▶ Exercise
Excluding pictures, give the entries again exactly as they appear.

┄┄┄┄┄┄┄┄┄┄

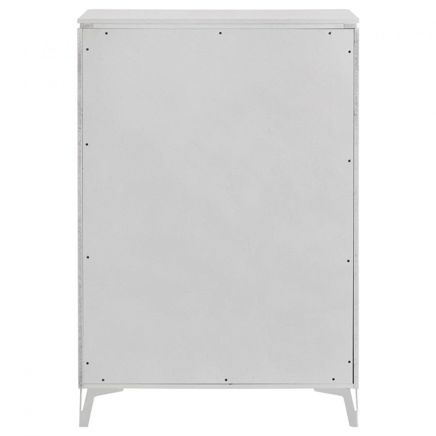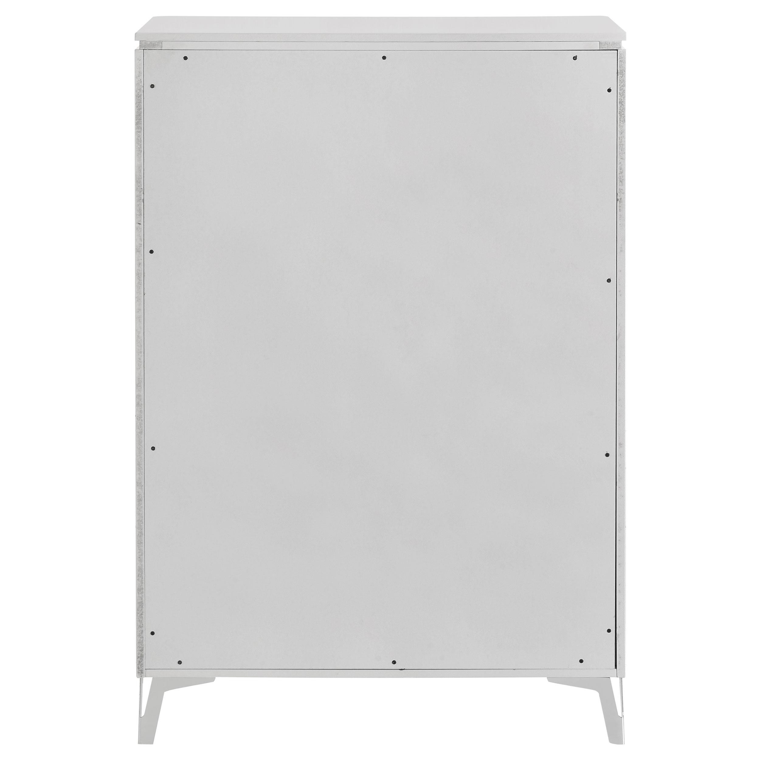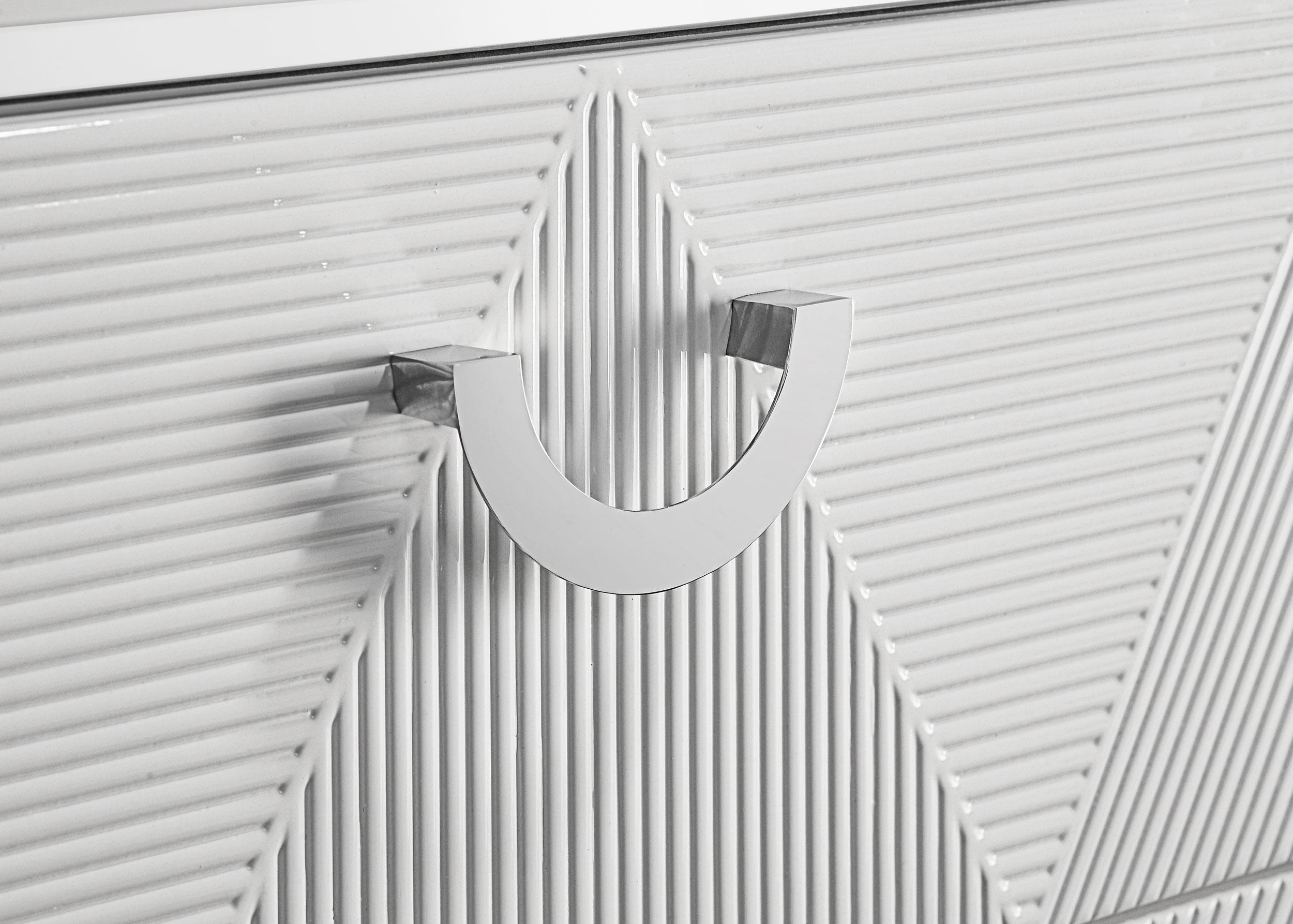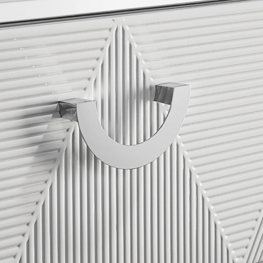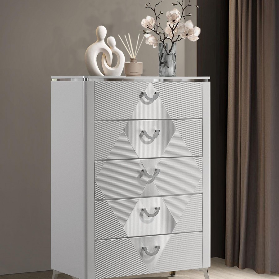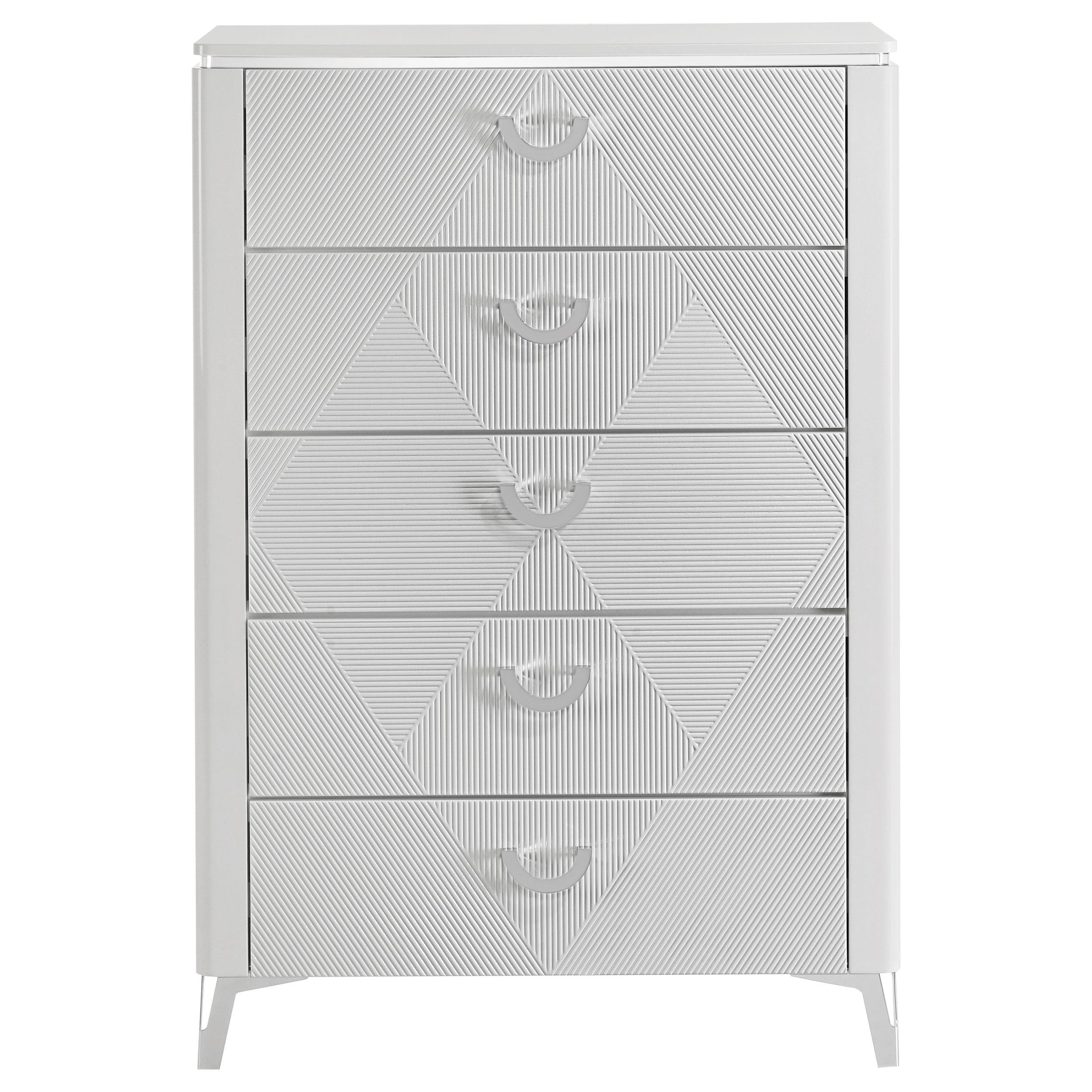 With a sleek high gloss finish and sculptural texture, this five-drawer chest makes a striking addition to the modern bedroom. Its geometric drawer fronts feature ribbed V-patterns that shift across each tier, accented by polished chrome U-shaped pulls. The top drawer is lined in black felt for delicate storage, while all drawers operate smoothly on 45mm metal extension glides. Elevated on tapered chrome-finished legs, this chest offers elevated storage with sharp visual impact.
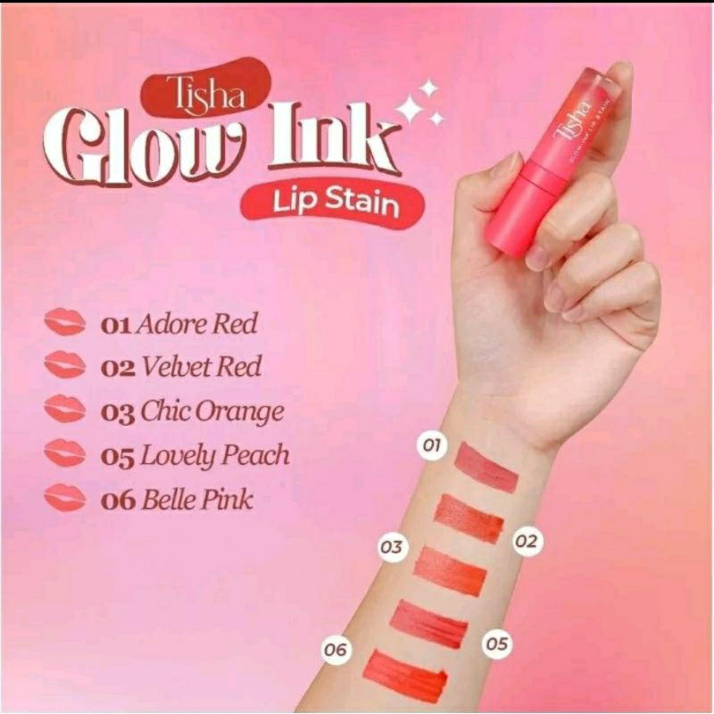 Tisha Glow Ink Lip Stain merupakan lip tint yang diperkaya oleh Vitamin E dan Marula Oil sebagai moisturizing dan memberikan warna cerah alami dan berkilau. Memiliki tekstur yang ringan dan mudah diaplikasikan membantu bibir tetap lembab dan warna yang tahan lama.
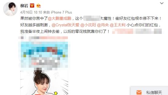 柳岩在微博上表示:“果然被你言中了@大鹏董成鹏,这个太魔性!偷好友红包根本停不下来!好友越多越刺激,@Crystal张天爱 @小沈阳 @肖央 @王太利 小心点你们的红包,我准备半夜上闹钟去偷,以后的零花钱就靠你们了!”
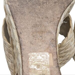 Jimmy Choo Dovina 100 Raffia Wedge JC Logo Sandal Size EU 39
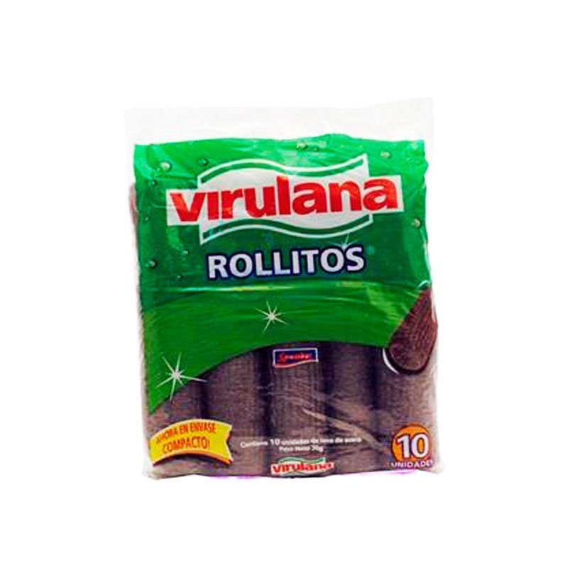 LANA DE ACERO VIRULANA X 10 ROLLITOS 70G
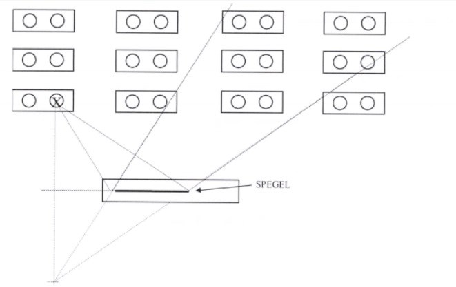 Hej! I denna uppgift skulle man visa genom tydlig konstruktion i figuren vilka elever som Kristina kan se i spegeln. Facit visade denna figur:
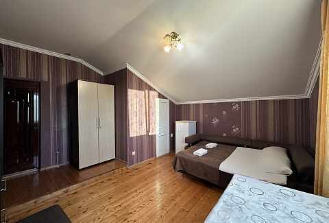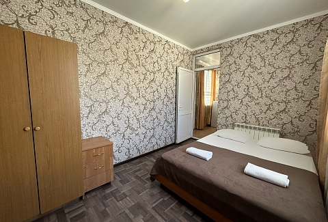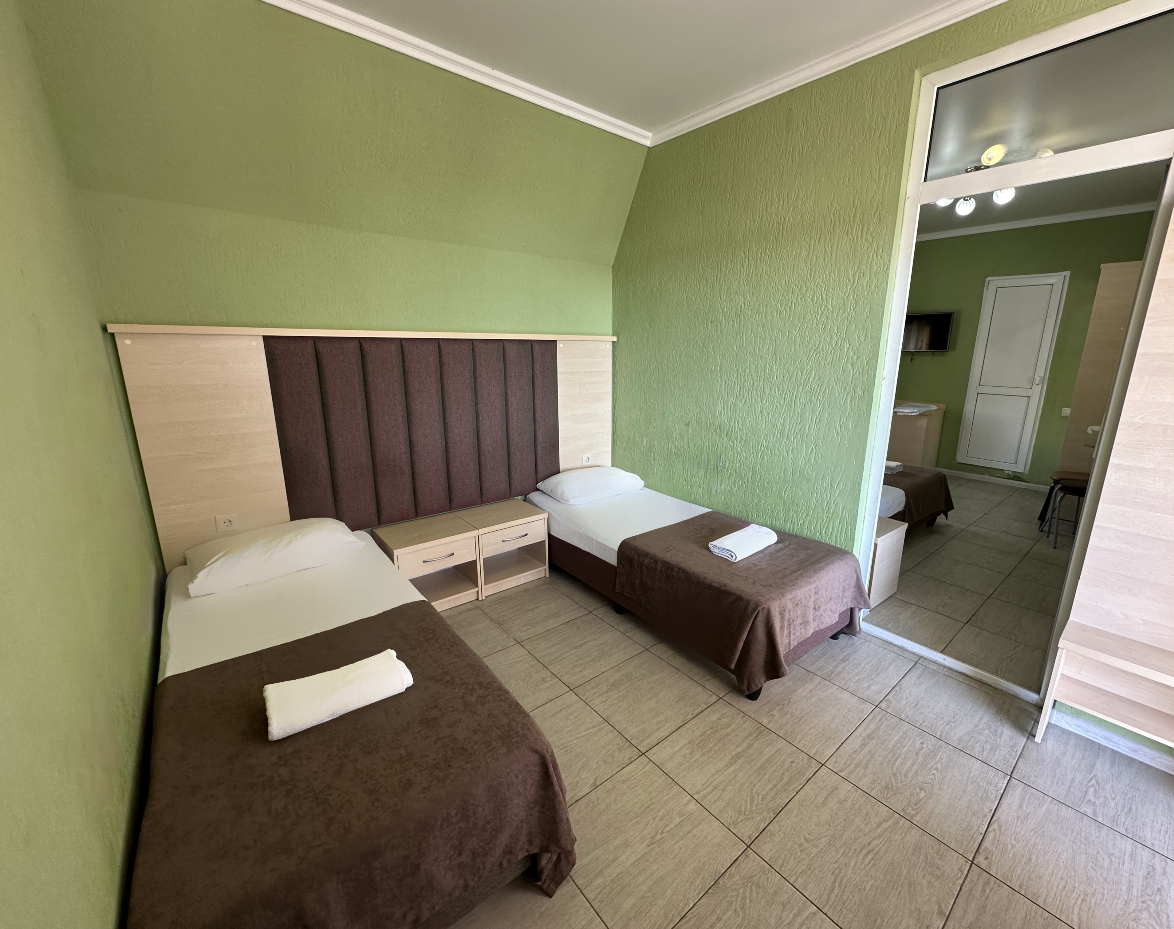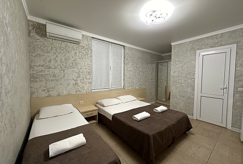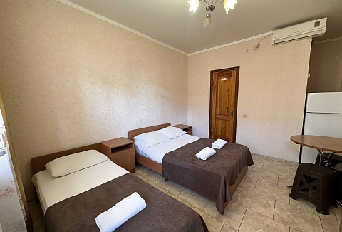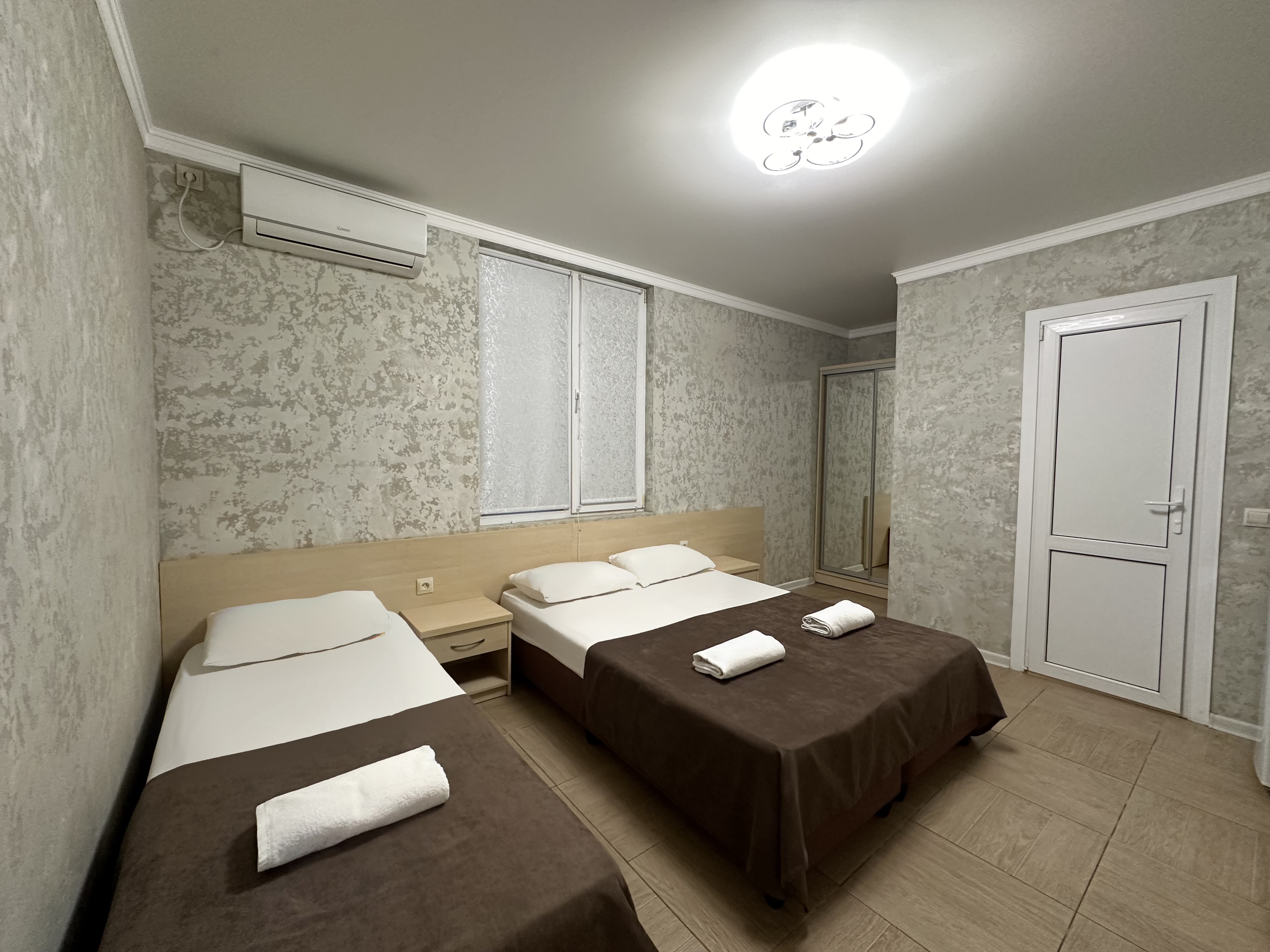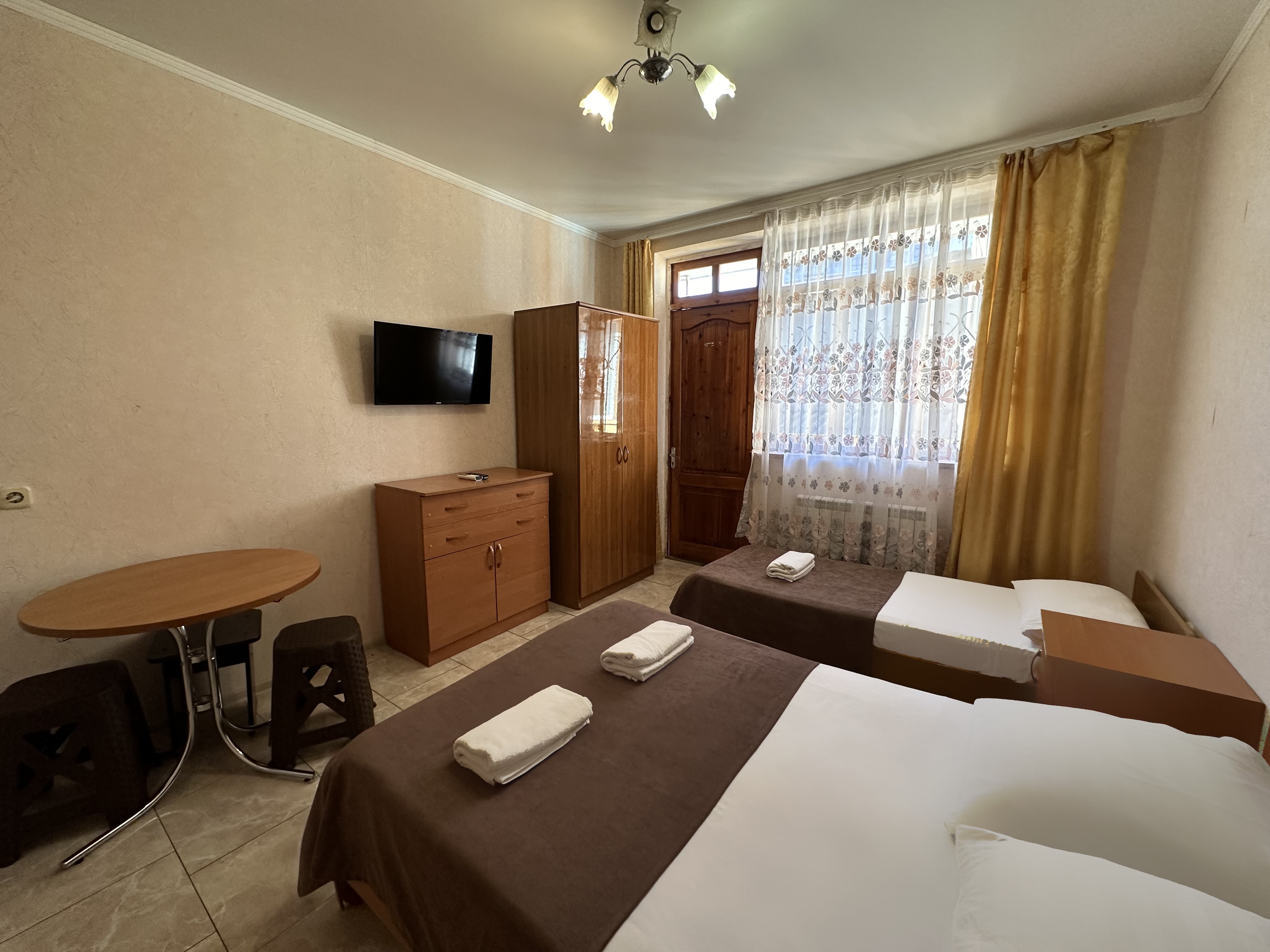 В номере: кровать двуспальная, кровать односпальная, прикроватные тумбочки, шкаф, кондиционер, сейф, телевизор, холодильник, чайный набор посуды

┄┄┄┄┄┄┄┄┄┄

▶ Response for this exercise
 With a sleek high gloss finish and sculptural texture, this five-drawer chest makes a striking addition to the modern bedroom. Its geometric drawer fronts feature ribbed V-patterns that shift across each tier, accented by polished chrome U-shaped pulls. The top drawer is lined in black felt for delicate storage, while all drawers operate smoothly on 45mm metal extension glides. Elevated on tapered chrome-finished legs, this chest offers elevated storage with sharp visual impact.
 Tisha Glow Ink Lip Stain merupakan lip tint yang diperkaya oleh Vitamin E dan Marula Oil sebagai moisturizing dan memberikan warna cerah alami dan berkilau. Memiliki tekstur yang ringan dan mudah diaplikasikan membantu bibir tetap lembab dan warna yang tahan lama.
 柳岩在微博上表示:“果然被你言中了@大鹏董成鹏,这个太魔性!偷好友红包根本停不下来!好友越多越刺激,@Crystal张天爱 @小沈阳 @肖央 @王太利 小心点你们的红包,我准备半夜上闹钟去偷,以后的零花钱就靠你们了!”
 Jimmy Choo Dovina 100 Raffia Wedge JC Logo Sandal Size EU 39
 LANA DE ACERO VIRULANA X 10 ROLLITOS 70G
 Hej! I denna uppgift skulle man visa genom tydlig konstruktion i figuren vilka elever som Kristina kan se i spegeln. Facit visade denna figur:
 В номере: кровать двуспальная, кровать односпальная, прикроватные тумбочки, шкаф, кондиционер, сейф, телевизор, холодильник, чайный набор посуды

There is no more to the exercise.